In healthy women, AMH is the best endocrine marker for predicting age-related fertility decline. However, it doesn't directly measure egg quality – a crucial factor for pregnancy success.

AMH's Role in IVF Treatment

AMH testing before IVF helps predict treatment responses:

Predicting Poor Response (≤4 eggs retrieved)

Studies show consistent predictive value:

• Sensitivity: 72-97% (correctly identifies poor responders)
• Specificity: 41-93% (correctly identifies normal responders)
• Positive predictive value (PPV): 30-79%
• Negative predictive value (NPV): 90-98%

Example cut-off values: 1.43-14.0 pmol/L (IBC assay), 3.57-9.71 pmol/L (DSL assay)

Predicting Pregnancy Success

AMH is less predictive of pregnancy than ovarian response:

• Sensitivity: 50-86%
• Specificity: 28-82%
• PPV: 31-84%
• NPV: 75-98%

Notably, pregnancy is possible even with very low AMH, especially in younger women. For women aged 34-41, AMH correlates with pregnancy rates – but not for women under 34 or over 42.

Predicting Hyper-Response and OHSS Risk

High AMH predicts excessive response to fertility drugs and ovarian hyperstimulation syndrome (OHSS):

• Sensitivity: 69-93%
• Specificity: 67-81%
• PPV: 22-65%
• NPV: 94-99%

Cut-off values: 15.0-34.5 pmol/L. This helps doctors adjust medication doses to prevent dangerous OHSS complications.

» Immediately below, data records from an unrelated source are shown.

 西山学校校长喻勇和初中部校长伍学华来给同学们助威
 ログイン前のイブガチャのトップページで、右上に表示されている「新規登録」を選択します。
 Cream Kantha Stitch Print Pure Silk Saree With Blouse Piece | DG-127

AMH and Polycystic Ovary Syndrome (PCOS)

Women with PCOS (affecting 5-10% of females) typically have 2-4x higher AMH levels due to:

• Excessive small follicles in ovaries
• Increased AMH production per follicle

Elevated AMH contributes to PCOS symptoms by:

1. Suppressing follicle development
2. Interfering with ovulation

AMH testing helps diagnose PCOS, especially in adolescents where traditional criteria are less reliable. Levels decrease with effective PCOS treatments like oral contraceptives or ovarian surgery.

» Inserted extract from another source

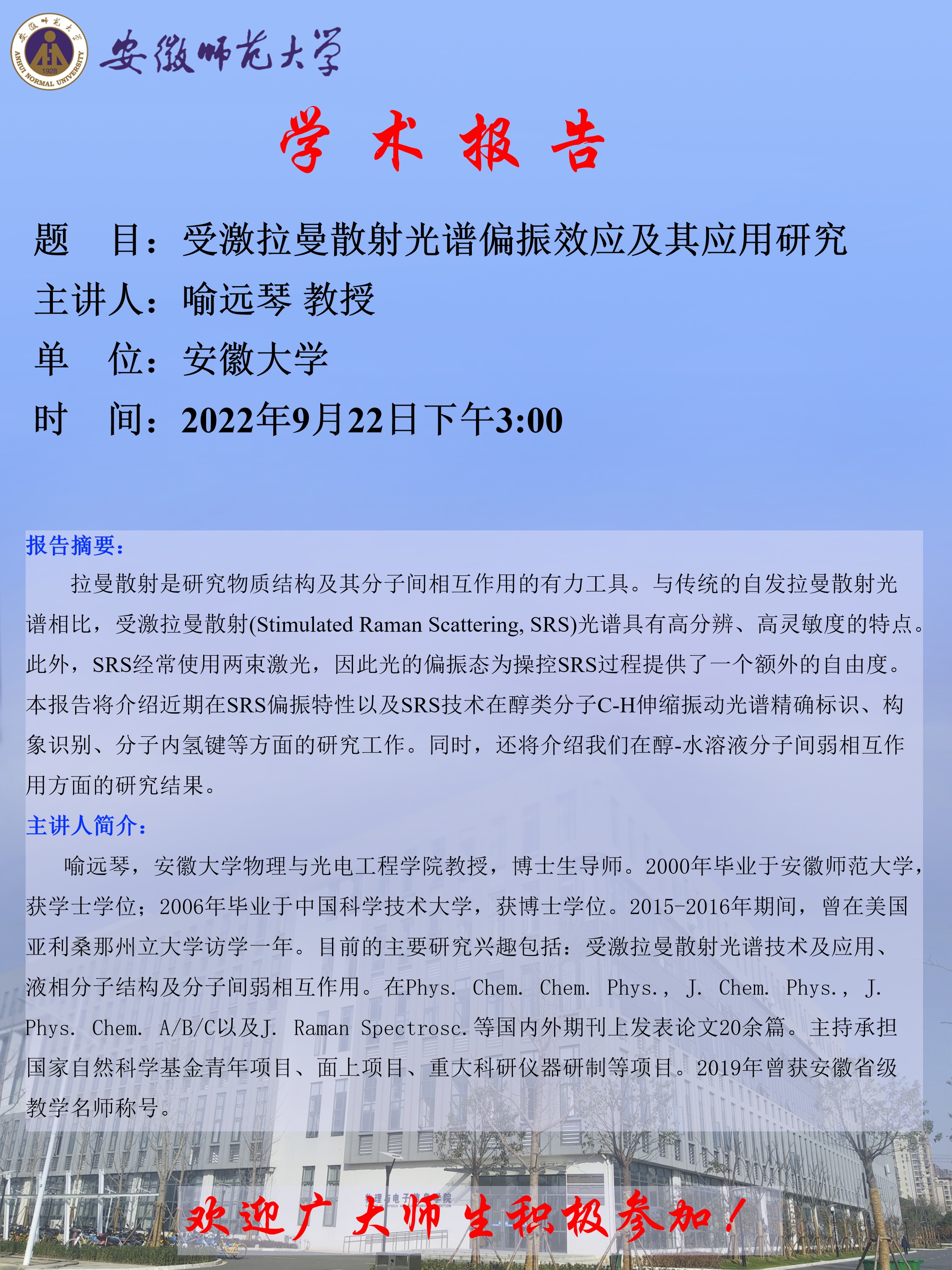 【学术预告·物电讲坛】喻远琴:受激拉曼散射光谱偏振效应及其应用研究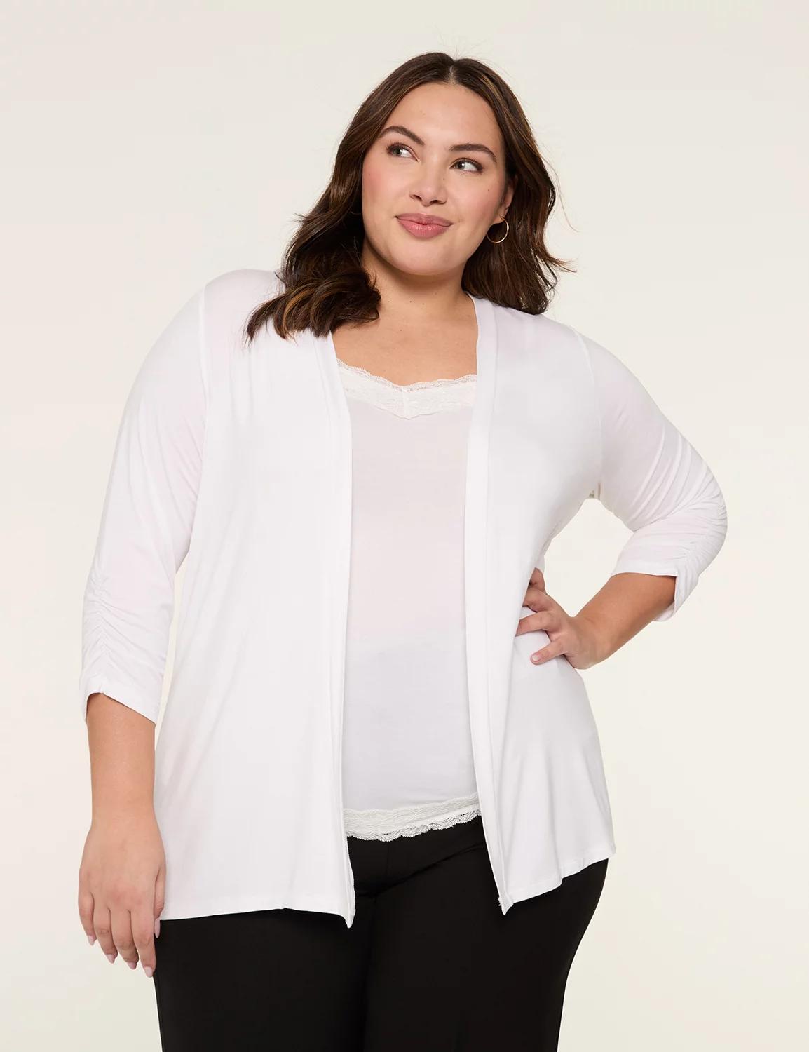 Available in Plus Size Looking for a no-fuss layer that perfectly pairs with everything? Presenting this open-front overpiece with ruched sleeves. FIT: Classic. Designed for curves and a not-too-tight, not-too-loose, just-right fit. Front Body Length From Shoulder: 31 (On Size 18), Extended: 33 Longer length is perfect for added coverage FEATURES: Open front 3/4 ruched sleeves FABRIC: Soft, stretchy jersey knit Machine Wash 95% Rayon/5% Spandex Item Number #405118 Imported Plus Size Top . Plu

What This Means for Patients

AMH testing provides valuable insights for fertility planning and treatment:

• Reproductive lifespan estimation: Helps gauge remaining fertility window
• IVF preparation: Predicts poor/hyper-response, allowing personalized medication protocols
• OHSS prevention: Identifies high-risk women for dose adjustments
• PCOS diagnosis: Supports identification, especially in complex cases

AMH is superior to FSH for ovarian reserve testing because it doesn't require specific cycle timing and has less variability.

Study Limitations

While compelling, this research has important caveats:

• No international AMH standard existed, complicating value comparisons
• Most data come from observational studies – not randomized trials
• AMH predicts egg quantity better than quality
• Cut-off values vary significantly between studies and populations
• Limited data on AMH's role in predicting natural conception
• Doesn't account for all causes of diminished ovarian reserve

False positives remain a concern – 21-70% of women with low AMH values in studies still produced >4 eggs during IVF.

Patient Recommendations

Based on this research, consider these steps if exploring fertility testing:

1. Discuss AMH testing with your doctor if:
   • You're over 30 and considering future family planning
   • You have irregular periods or PCOS symptoms
   • You're preparing for IVF treatment
2. Interpret results cautiously: Low AMH doesn't mean pregnancy is impossible, especially if you're under 35
3. Request assay details: Ask which test was used (IBC vs. DSL) as values aren't directly comparable
4. Combine with other tests: Use AMH with antral follicle count for best reserve assessment
5. PCOS management: If diagnosed, track AMH to monitor treatment effectiveness
6. IVF counseling: Use AMH values to discuss realistic expectations about egg retrieval numbers and OHSS risk

Remember that age remains the strongest predictor of egg quality – a critical factor AMH doesn't measure.

Source Information

Original Research Article: "The role of anti-Müllerian hormone in female fertility and infertility – an overview"
Authors: Anna Gracia-Alix Grynnerup, Anette Lindhard, Steen Sørensen
Journal: Acta Obstetricia et Gynecologica Scandinavica
Publication Date: 2012
DOI: 10.1111/j.1600-0412.2012.01471.x

This patient-friendly article is based on peer-reviewed research. For full methodology and statistical analysis, refer to the original publication.